In a review for the Spring 2019 Claremont Review of Books, JWI Senior Scholar Professor David F. Forte hails Ronald R. Rotunda's abridgment of Albert J. Beveridge’s seminal work, Life of John Marshall, as an impressive work. The book incorporates Rotunda’s own commentary, yet importantly retains the spirit and rhythm of Beveridge’s writing. Professor Forte introduces his own commentary on Marshall throughout and reaffirms Beveridge’s claims regarding Marshall’s prominence in establishing the Supreme Court on an even plane with the Executive and Legislative Branches. While Professor Forte admits that the book has a few historical blunders they are unquestionably overshadowed by Beveridge’s triumph in presenting the role that Marshall played in Marbury vs. Madison and in establishing judicial independence.
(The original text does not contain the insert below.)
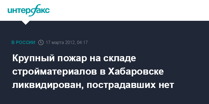 Хабаровск. 17 марта. ИНТЕРФАКС-ДАЛЬНИЙ ВОСТОК - Крупный пожар на складе стройматериалов в Хабаровске ликвидирован, сообщила в субботу агентству "Интерфакс-Дальний Восток" представитель пресс-службы ГУ МЧС по Хабаровскому краю Анастасия Котова.
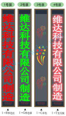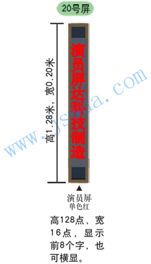 v型系列:高1.74米(192點(diǎn)),寬0.20米(16點(diǎn)),單行顯示,常用字?jǐn)?shù)不超過14個(gè)字. |

Excerpts from the article:
“Ronald D. Rotunda, the prodigious legal authority who died last year at the age of 73, wrote the widely used course book American Constitutional Law, coauthored the six-volume Treatise on Constitutional Law, and wrote several other books and hundreds of articles over his career. A scholar of the first order, he was a friend to many in his field. Fittingly, his last book is a tribute to Albert J. Beveridge’s Life of John Marshall, the seminal analysis of the Great Chief Justice, the first of whose four volumes appeared in 1916. As a U.S. senator from Indiana between 1899 and 1911.”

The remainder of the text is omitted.